The biggest problem the book has is with art though. Khoi Pham is the main artist on the book, coming over with Herc and Amadeus from Incredible Hercules (a mixed blessing there) and he’s pretty awful. There’s some improvement by the end of the series - I think mainly due to a change in inker - but he’s clearly not ready for a comic of this level. He wasn’t really ready for a low-level book like Herc, actually, but certainly not Avengers, even if it’s technically the Avengers B (or C) title. There’s clearly also some miscommunication/language barriers (or poor script reading) as one point of the Inhuman story describes the Alpha-Primitives as wearing “rags not the radiation suits they normally have” and yet, there they are, drawn weaing neat radiation suits, not rags. There are some good fill in artists, like Rafa Sandoval and, especially, Sean Chen. If only he’d been the main artist on the book.

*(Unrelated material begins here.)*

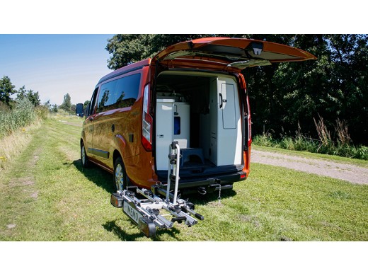 A well-known problem with converting vans into campervans is finding a suitable bike rack. The towbar-mounted bike rack locks the rear doors when you need to open them. Rear door racks have a number of limitations - they are not suitable for e-bikes, they require mounting the bikes at a high height, they can only carry two standard bikes, and they still cause damage to doors and hinges with long-term use.
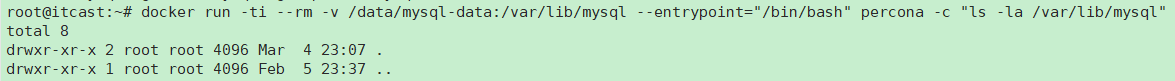 docker run -ti --rm -v /data/mysql-data:/var/lib/mysql --entrypoint="/bin/bash" percona -c "ls -la /var/lib/mysql"

Overall Mighty Avenger is a decent run of comics, with some big flaws. It’s a shame that it’s probably going to be Slott’s one go at Avengers, because it feels like he could have had a really good two or three year run in him, if he’s been given a clear go at it.


#547

Adventure Comics #325

Lex Luthor Meets the Legion of Super-Heroes

By Jerry Siegel & John Forte

The basic idea for this story is an interesting one: this is Lex Luthor before the lab accident that turns him into an evil sociopath, when he’ still a bright young scientist who admires Superboy. When he journeys to the 30th century, the Legion have to stop him from discovering he is fated to turn evil (and bald). It’s a really clever twist.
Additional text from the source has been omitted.